Moms of boys live in a world of heightened bluster and competition.  Of sparring only to see who is dominant in one particular moment, at one particular skill.  Moms of boys live in a zoo-like reproduction of the African wild animals.  The population balance is off, the pairings of moms and cubs much less like a commune, and much more like a habitat surrounded by a moat.  Moms of boys are trying to raise these unruly mini-men into the model of their virile lineage but they're doing it without the community of the lionesses.  There is no check of the rival alpha male.  These cubs aren't aware of forces selecting against them, of males stronger and more dominant. Or females who close rank to protect. These boy-cubs are being raised in the habitat where both of them could be king of the jungle, where neither of them will be the all-watching, all-nourishing lioness.  And there is only that duality.

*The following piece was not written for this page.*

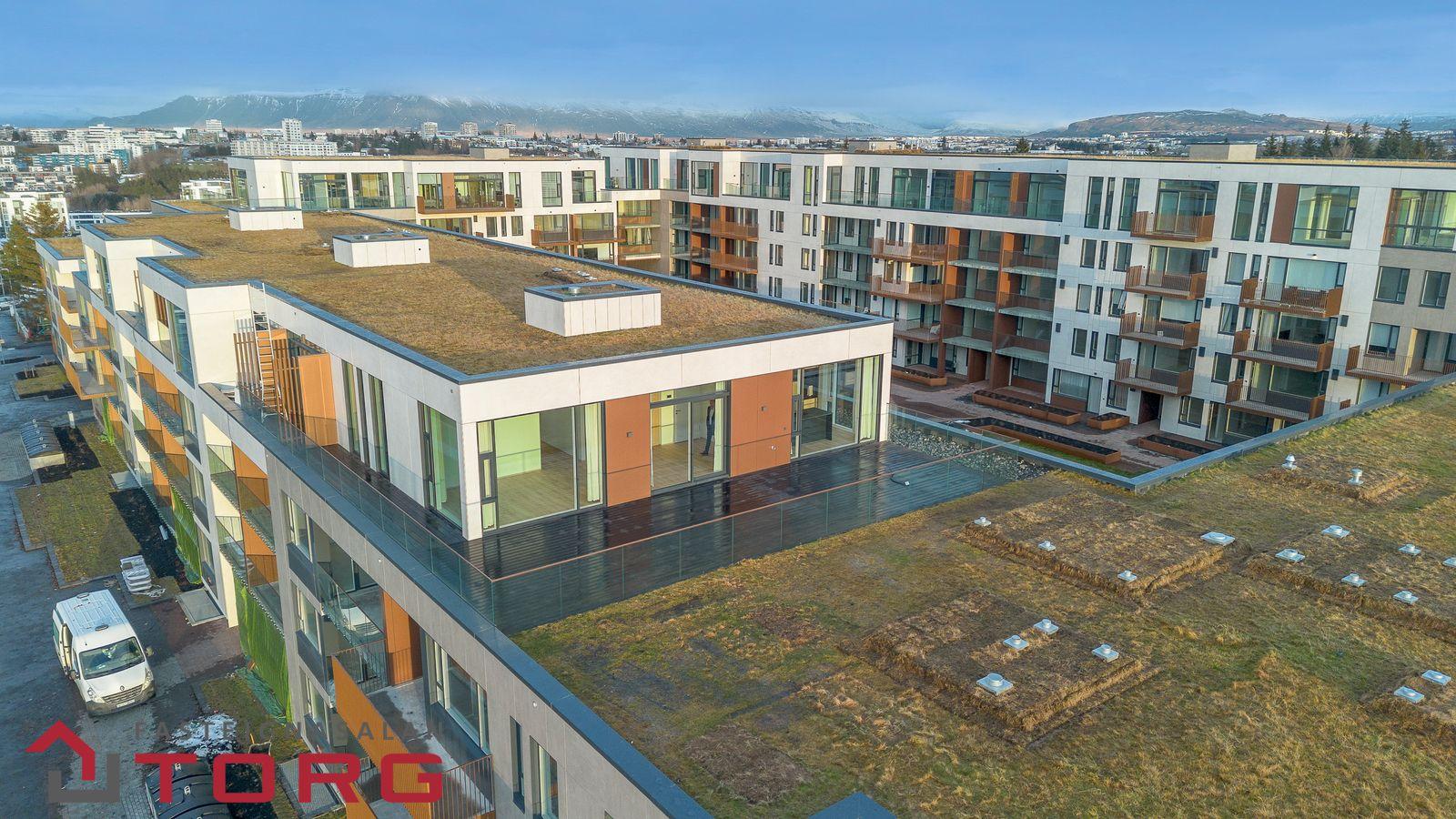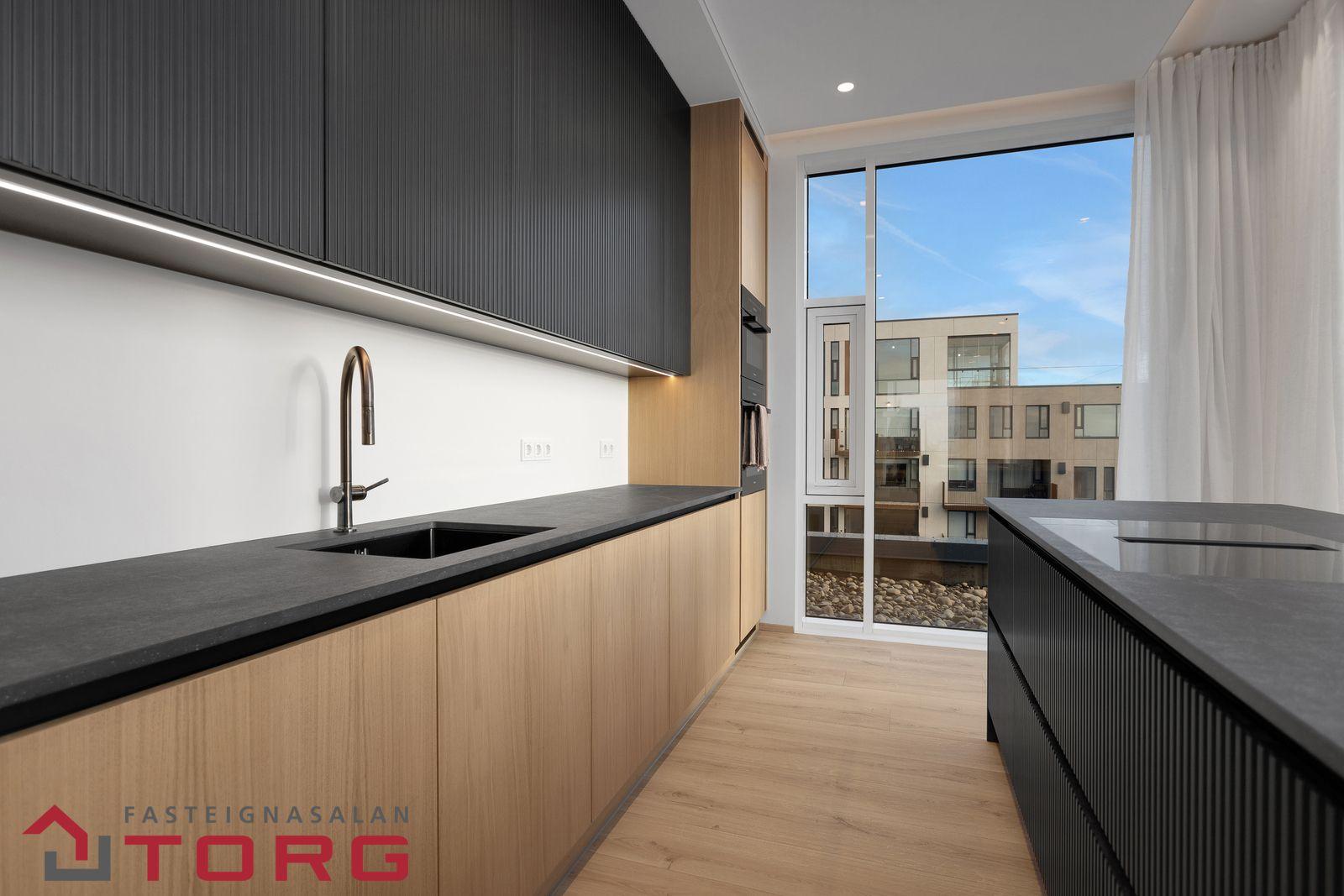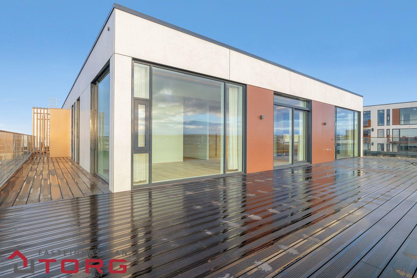 Fasteignasalan TORG kynnir: Glæsileg penthouse íbúð að Skólatröð 4, 200 Kópavogi. Mjög vönduð 105,4 fm 3 herbergja Penthouse-íbúð í nýju og glæsilegu lyftuhúsi með tvö bílastæði í bílakjallara. Sérgeymsla í sameign, skráð 11,4fm. Stórar þaksvalir c.a. 95fm eru meðfram aðalrými og niður með svefnherbergjum með útsýni í allar áttir. Bókið einkaskoðun og fáið allar nánari upplýsingar hjá Sigurði Gunnlaugssyni, fasteignasali í GSM: 898-6106 eða sigurdur@fstorg.isSækja söluyfirlit HÉRNánari lýsing. íbúðin er afhent með gólfefnum, með vönduðum innréttingum frá Selós, steinn á borðum. Flísalögð baðherbergi og þvottahús með I Cocci Cenere 60x120cm frá Ebson bæði gólf og veggir að hluta. Gólfhiti er í íbúðinni og jafnvægisstillt loftræsikerfi með varmaendurvinnslu. Hefðbundið útsogskerfi er í geymslum. Eldhúsinnréttingar eru sérsmíðaðar frá Selós. Skápar eru úr vönduðu stitsterku melamin efni. Vönduð heimilistæki eru í íbúðinni frá AEG. Kæli-/frystiskápur og uppþvottavél eru innbyggð í innréttinguna og spanhelluborð. Dekton – Rem steinborðplötur eru í eldhúsi og Silestone – Nolita steinborðplötur á baði. Gólfhiti er í gólfi baðherbergis auk handklæðaofns. Stórar þaksvalir eru meðfram aðlrými með útsýni í allar áttir, yfir Kópavog, út á sjó, Bessastaði, Bláfjöll og fl. Tvö Bílastæði í bílakjallara fylgja ibúðinni.

Moms of boys live in an every-man-for-himself world.  And it's all fun and gazelle games til somebody skins a knee.







Tuesday, August 20, 2013

Son, I'm so proud?

So, we're in the car, driving to swim.  Because, if nothing else, parents are underpaid chauffeurs. 

The non-commercial self promotion on the Sirius Radio screams:

WOULD YOU LIKE TO GO TO NEW YORK CITY TO SEE ONE DIRECTION'S NEW MOVIE, FOLLOWED BY THE CONCERT AND BACKSTAGE PASSES FOR THE AFTERPARTY?!?!?!?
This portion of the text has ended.